PENDAHULUAN
A. Latar belakang
Kesehatan jiwa merupakan bagian yang integral dari kesehatan.
Kesehatan jiwa bukan sekedar terbebas dari gangguan jiwa, akan tetapi
merupakan suatu hal yang di butuhkan oleh semua orang. Kesehatan jiwa
adalah perasaan sehat dan bahagia serta mampu mengatasi tantangan
hidup, dapat menerima orang lain sebagai mana adanya. Serta mempunyai
sikap positif terhadap diri sendiri dan orang lain. (Menkes, 2005)
Menurut Sekretaris Jendral Dapertemen Kesehatan (Sekjen
Depkes), H. Syafii Ahmad, kesehatan jiwa saat ini telah menjadi masalah
kesehatan global bagi setiap negara termasuk Indonesia. Proses globalisasi
dan pesatnya kemajuan teknologi informasi memberikan dampak terhadap
nilai-nilai sosial dan budaya pada masyarakat. Di sisi lain, tidak semua
orang mempunyai kemampuan yang sama untuk menyusuaikan dengan
berbagai perubahan, serta mengelola konflik dan stres tersebut. ( Diktorat
Bina Pelayanan Keperawatan dan Pelayanan Medik Dapertemen
Kesehatan, 2007)
Setiap saat dapat terjadi 450 juta orang diseluruh dunia terkena
dampak permasalahan jiwa, syaraf maupun perilaku dan jumlahnya terus
meningkat. Pada study terbaru WHO di 14 negara menunjukkan bahwa
pada negara-negara berkembang, sekitar 76-85% kasus gangguan jiwa
parah tidak dapat pengobatan apapun pada tahun utama (Hardian,
2008). Masalah kesehatan jiwa merupakan masalah kesehatan masyarakat
yang demikian tinggi dibandingkan dengan masalah kesehatan lain yang
ada dimasyarakat.
Dari 150 juta populasi orang dewasa Indonesia, berdasarkan data
Departemen Kesehatan (Depkes), ada 1,74 juta orang mengalami
gangguan mental emosional. Sedangkan 4 % dari jumlah tersebut
terlambat berobat dan tidak tertangani akibat kurangnya layanan untuk
penyakit kejiwaan ini. Krisis ekonomi dunia yang semakin berat
mendorong jumlah penderita gangguan jiwa di dunia, dan Indonesia
khususnya kian meningkat, diperkirakan sekitar 50 juta atau 25% dari juta
penduduk Indonesia mengalami gangguan jiwa (Nurdwiyanti, 2008).
Berdasar kan data dari medical record BPRS dari makasar provinsi
sulawesi selatan menunjukan pasien halusinasi yang dirawat pada tiga
tahun terakhir sebagai berikut: pada tahun 2006 jumlah pasien 8710
dengan halusinasi sebanyak 4340 orang (52%), tahun 2007 jumlah pasien
9245 dengan halusinasi sebanyak 4430 orang (49%), tahun 2008 ( januari-
maret) jumlah pasien 2294 dengan halusinasi sebanyak 1162 orang. Agar
perilaku kekerasan tidak terjadi pada klien halusinasi maka sangat di butuh
kan asuhan keperawatan yang berkesinambungan.

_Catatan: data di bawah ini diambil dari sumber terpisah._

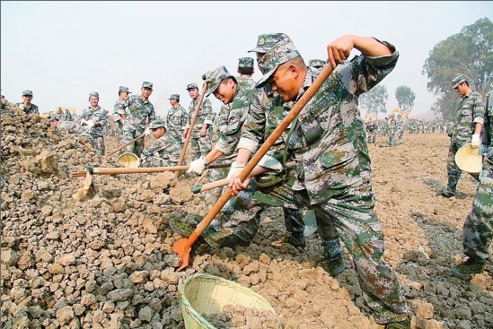 小海子壩塘是草壩鎮波黑村280戶村民賴以生存的“生命之源”,該村村民的生活用水和2000多畝土地的生產用水都靠它,旱情的加深使得該壩塘干枯見底。在千方百計確保群眾飲水的同時,縣、鄉黨委、政府決定利用壩塘干枯擴容修渠,大興水利建設。面對這一重任,空軍某部主動請纓,共出動官兵550人、工程車等車輛35輛開赴波黑村,投入清淤擴容、興修水利抗旱促春耕戰斗中。目前,已挖掘清理龜裂土方約2.8萬立方米。

Akibat semakin kompleksnya persoalan hidup yang muncul di
tengah masyarakat, menyebabkan jumlah penderita gangguan jiwa di Riau
tiap tahunnya terus bertambah.Selama tahun 2007 ini saja di Riau telah
menerima sebanyak 8.870 pasien gangguan jiwa.
Berdasarkan dari hasil anamnesa pada bulan november 2010 pada
ruangan nuri yang mana jumlah pasien halusinasi sekitar 32 orang
(71,11%) dari 45 pasien yang ada diruangan, di merpati 33 pasien
halusinasi (75%) dari 44 pasien, di mawar ada 9 pasien halusinasi (45%)
dari 20 pasien, di hangtuah ada 2 pasien halusinasi (28,57%) dari 7 pasien,
di melati ada 22 pasien halusinasi (64,70%) dari 34 pasien.
Penatalaksanaan yang dapat diberikan pada pasien halusinasi ada 2
yaitu farmakoterapi dan non farmakoterapi (Prabowo, 2014). Salah satu
non farmakoterapi yang dapat diberikan untuk pasien halusinasi yaitu
terapi musik. Musik memiliki pengaruh terhadap perubahan pada memori
sensorik, memori aktif serta memori jangka panjang pada pasien yang
mengalami skizofrenia (Pasha, Akhavan, & Gorjian, 2012).
Terapi modalitas adalah suatu proses pemulihan fungsi individu
(pasien) terhadap kebiasaan-kebiasaan fisik, mental, social, ekonomi,
termasuk pekerjaan menuju suatu kemampuan sebelumnya atau ke tingkat
yang memungkinkan pasien dapat hidup wajar ditengah-tengah keluarga
dan masyarakat. Ada 8 macam terapi modalitas, yaitu terapi individual,
terapi lingkungan, terapi biologis atau terapi somatik, terapi kognitif,
terapi keluarga, terapi kelompok, terapi perilaku dan terapi seni. Salah satu
terapi seni yaitu terapi musik (Susana, 2011, hlm 3).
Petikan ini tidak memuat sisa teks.